Critical Thinking: Why Does Evil Exist?

I don’t want to explore the problem of evil. I want to use that question and the arguments made by atheists and agnostics to discuss how we use our resources to analyze and respond to such questions. 1 Peter 3:15 is the basis for Christian apologetics: always being prepared to make a defense to anyone who asks you for a reason for the hope that is in you; yet do it with gentleness and respect…

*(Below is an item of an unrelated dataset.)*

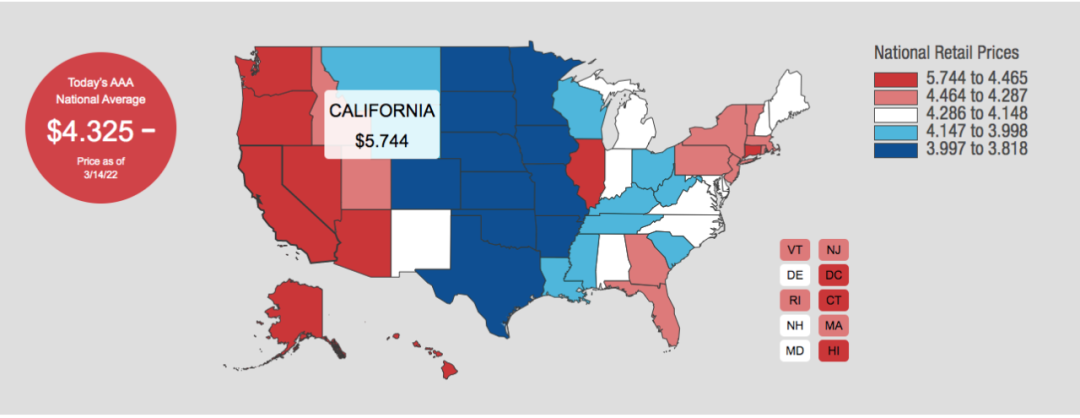 而在全美,西部州的油價是整體最貴的,加州已經飆到5.7美元了,深藍色的中部州是最便宜的。

When I was college I took an honors level class simply titled Critical Thinking. I think it should have been required of all entering freshmen; definitely wished our debate team in high school could have spent a few weeks each year in that course. I didn’t go to a large state funded university that spent four years trying educate the faith out of us or teach me that everything my parents ever believed was wrong. At a private liberal arts college, affiliated with the Georgia Baptist Convention, the professor wanted us to think things through, use logic and empirical data, in order to defend whatever position we claimed. He was not an atheist trying to turn us against the Christian faith, as some have claimed when I share this story. He posed us this dilemma so that, like iron sharpens iron, we could work through a proper response: God is either all powerful or all good but cannot be both. If he is all good then evil exists because is unable to eliminate it. Conversely if God is all powerful then he must be evil as he chooses not to do away with it. Discussion ensued.